Key Challenge: Robots are typically equipped only with RGB cameras and operate under limited viewpoints, necessitating articulated object analysis from monocular video. Existing methods either require dense multi-view input (hard to acquire), annotated data (expensive and poorly generalizable), or have restricted capability (limited to specific object types).

Goal: Achieve scene-level articulated object moving-part identification and motion attribute analysis from a single monocular video, entirely without annotated data (zero-shot).

Key Insight: Two key insights—(1) dynamic videos of articulated objects inherently contain rich 3D motion information, from which geometric and motion priors can be extracted via off-the-shelf tools for initial analysis; (2) the accuracy of motion analysis improves as the estimated dynamic process becomes more consistent with the true motion pattern, so optimizing the dynamic scene can refine the results.

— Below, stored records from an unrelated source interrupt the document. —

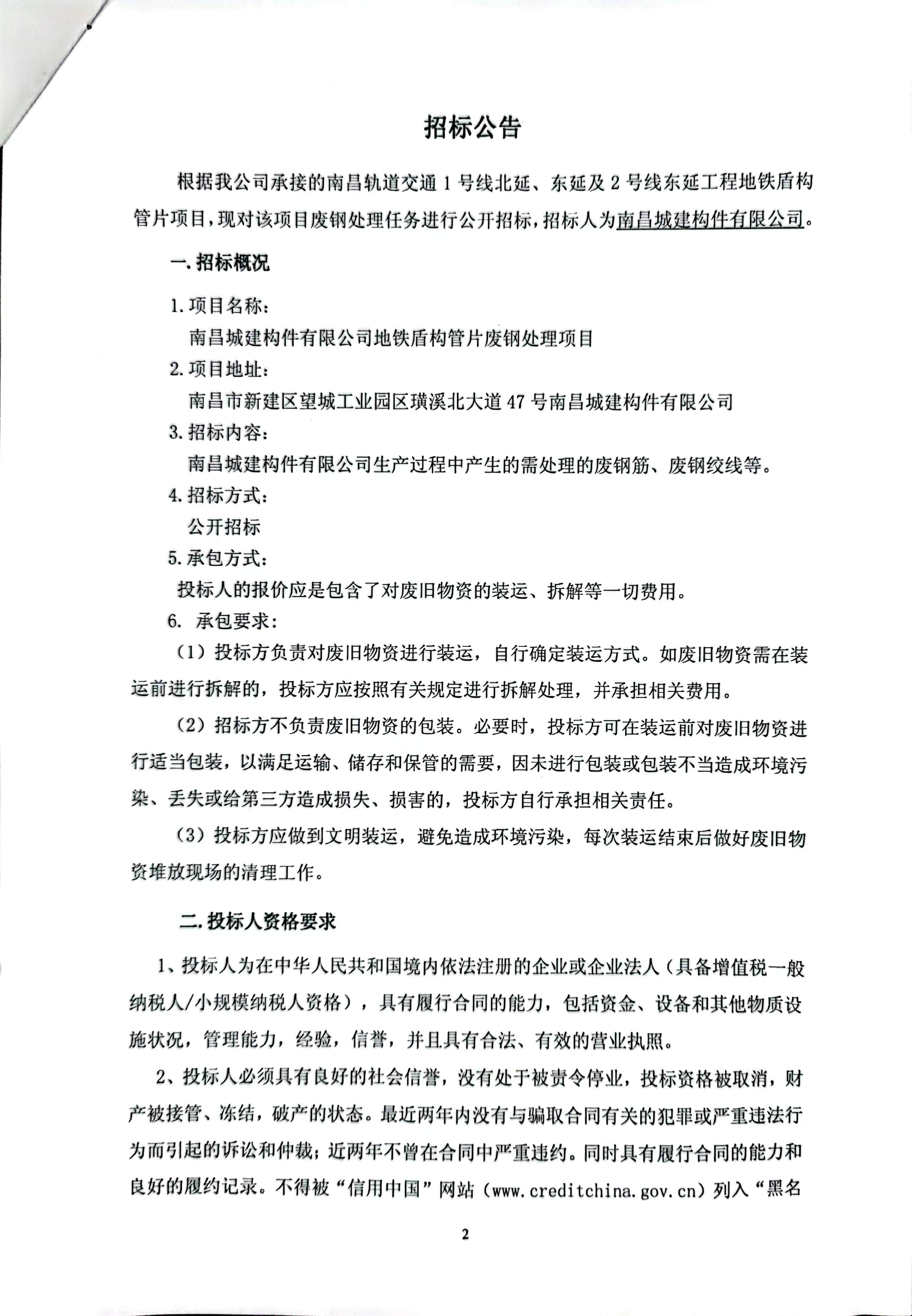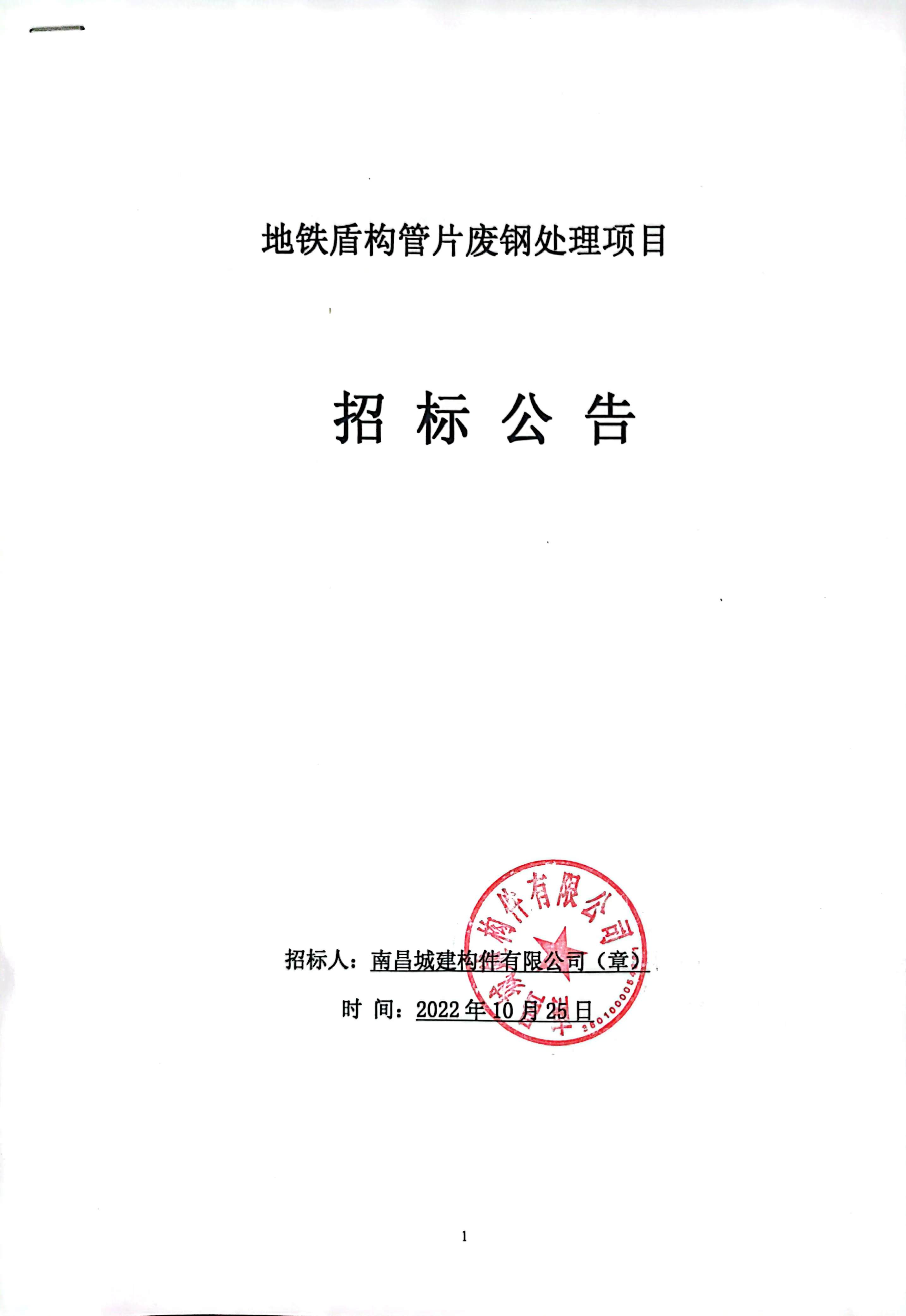根据我公司承接的南昌轨道交通1号线北延、东延及2号线东延工程地铁盾构管片项目,现对该项目废钢处理任务进行公开招标,招标人为ok138cn太阳集团构件有限公司。
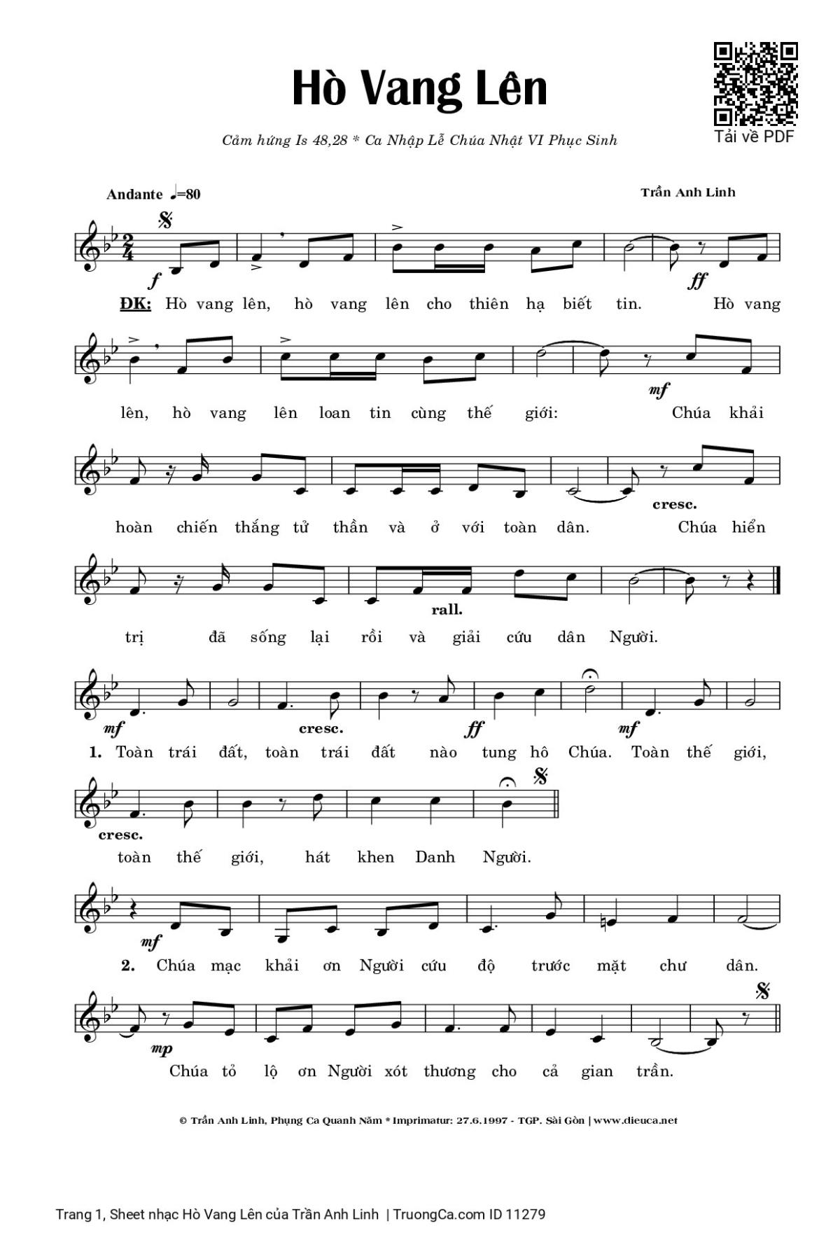 Điệp khúc: Hò vang lên, hò vang lên cho thiên hạ biết tin. Hò vang lên, hò vang lên loan tin cùng thế giới: Chúa khải hoàn chiến thắng tử thần và ở với toàn dân. Chúa hiển trị đã sống lại rồi và giải cứu dân Người.
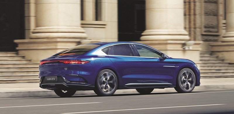 La BYD HAN est une berline du segment E, avec 487 ch et une autonomie de 521 km cycle WLTP mixte. Elle est équipée d'une traction intégrale avec double moteur et une suspension intelligente. Un système de pompe à chaleur à haut rendement est fourni en standard, de même que le dernier système de freinage assisté intégré (IPB) de Bosch. Une ligne audacieuse – un coefficient de trainée ultra-faible de 0,23 – et innovante est complétée par un intérieur luxueux. Les phares à banderoles en cristal et la barre lumineuse arrière à LED pleine largeur ont une allure futuriste. L'habitacle est lumineux et spacieux. Le véhicule est équipé d'un écran tactile multimédia de 15,6 pouces, réglable à l'horizontale ou à la verticale, et d'un système audio Dynoaudio équipé de 12 haut-parleurs avec son «surround». Les sièges en cuir Nappa sont chauffants à l'avant et à l'arrière, ainsi que le volant. Un pavé multifonctions situé dans l''accoudoir du siège arrière permet le réglage du siège avant, du toit coulissant panoramique, du contrôle de température... Un regret, le volume réduit du coffre!
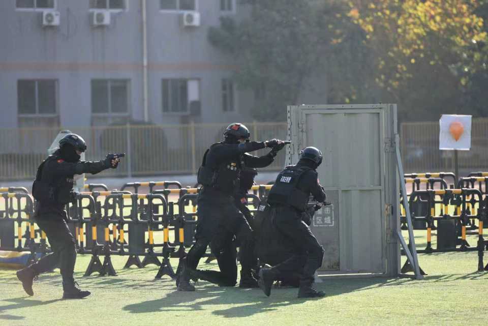 随后进行的汇报展演环节在庄严的升旗仪式中拉开帷幕。石家庄市公安局巡特警支队、治安支队的干警们为现场师生带来了一场震撼人心的特警防暴展演。内容包括特警臂盾实战格斗技能、无人机实战应用、警犬科目、女警应用射击技能以及突击攻坚实战应用等。干警们精湛的技能、默契的配合和昂扬的斗志,充分展示了公安队伍在处置校园突发安全事件、保护师生安全方面的强大能力和坚定决心,赢得了现场阵阵掌声。展演间隙,石家庄市第十八中学啦啦操队带来了充满青春活力的表演,展现了学子们阳光向上、团结友爱的精神风貌,也从侧面体现了健康积极的校园文化对防范欺凌的积极作用。
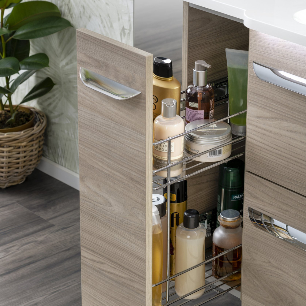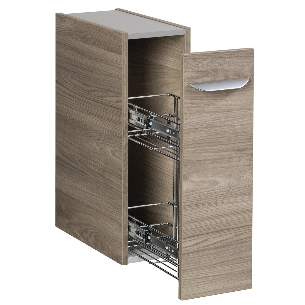 - Szafka łazienkowa boczna cargo, o szerokości 20 cm, dzięki której możliwa jest rozbudowa szafki pod umywalkę (79801) do 100 lub 120 cm. Korpus oraz front w kolorze szary dąb.
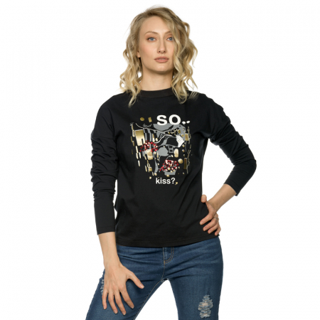 Состав: 100%хлопокОписание: Новинка! Джемпер женский свободного объема со спущенной линией плеча, горловиной из рибаны, стойким эластичным принтом с элементами золота, в стиле картины Климта и вышивкой деликатными красными пайетками-монисто. Перевод Итак... поцелуй?
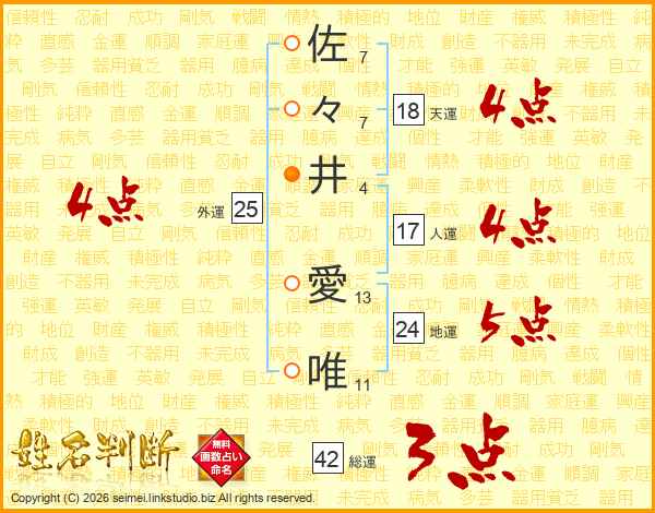 佐(7画)々(7画)井(4画) 愛(13画)唯(11画)
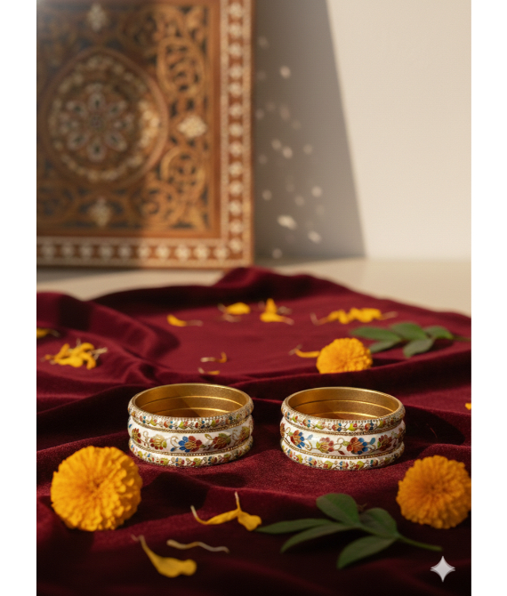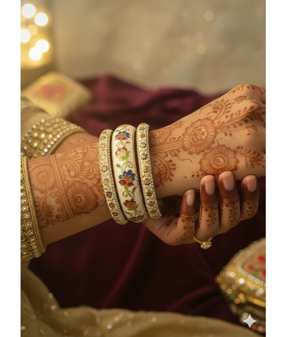 Design & Artistry: Each bangle features a hand-painted floral vine pattern, inspired by Mughal gardens. The central thick kada is flanked by two slender matching bangles, creating a balanced and sophisticated "stack" look.
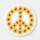Painting of a sunflower, used to form a peace sign, printed on magnets.
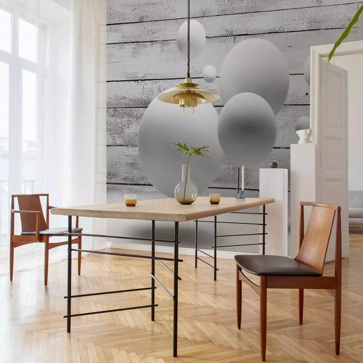 Fototapetes ar 3D optisku ilūziju pelēkos toņos - Bumbiņas, 94219
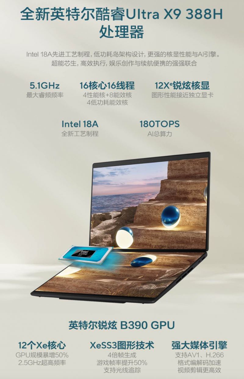 为支撑双屏高负载运行,灵耀14 双屏 2026采用第三代英特尔酷睿Ultra X9 388H处理器,基于先进的Intel 18A制程工艺,拥有16核心16线程设计,最高主频可达5.1GHz。内置英特尔锐炫B390 GPU,拥有12个Xe核心、XeSS3图形技术、强大媒体引擎,图形性能媲美独立显卡,足以轻松应对视频剪辑、3D建模等创意工作场景下的图形密集型任务;英特尔AI Boost NPU,协同CPU、GPU提供至高180 TOPS AI总算力,进一步加速本地AIGC创作效率。搭配内置的“小硕知道”AI智能助手,基于端云结合大模型技术,支持断网环境下使用,并带来智慧问答、文档总结、AI绘图、AI识图、AI文件搜索、AI翻译等功能,助力轻松实现内容总结与生成、快捷问答、艺术创作等工作任务,为生活和工作带来前所未有的智能体验。

Core Idea: Coarse initial estimation + self-supervised dynamic scene optimization = zero-shot monocular articulated object motion analysis.

Method

Overall Architecture

A three-stage pipeline: initial analysis → scene representation → end-to-end dynamic optimization. Input: monocular video. Output: moving-part segmentation and motion attributes (motion axis, motion type: rotation / translation / compound).

Key Designs

  1. Initial Analysis and Scene Initialization:

    • Function: Leverages a series of off-the-shelf methods to extract geometric and motion information from the video, constructing an initial moving-part segmentation and motion axis estimate, and initializing the 2D Gaussian splatting scene representation.
    • Mechanism: Camera pose estimation (DUSt3R/DROID-SLAM) → depth estimation (DepthAnything) → optical flow analysis (RAFT/FlowFormer) → optical flow map segmentation (SAM) to obtain moving-part masks → generation of moving-part segmented point clouds → first/last frame point cloud registration (ICP, etc.) to initialize the motion axis. All moving parts are initially assumed to undergo compound motion (rotation + translation).
    • Design Motivation: Rather than training detectors from scratch, the approach maximizes reuse of existing foundation models, endowing the method with natural zero-shot generalization to novel articulated object categories. The initial estimates may contain mis-segmentations (static regions misidentified as moving parts) and inaccurate motion axes, but these are automatically corrected in the subsequent optimization stage.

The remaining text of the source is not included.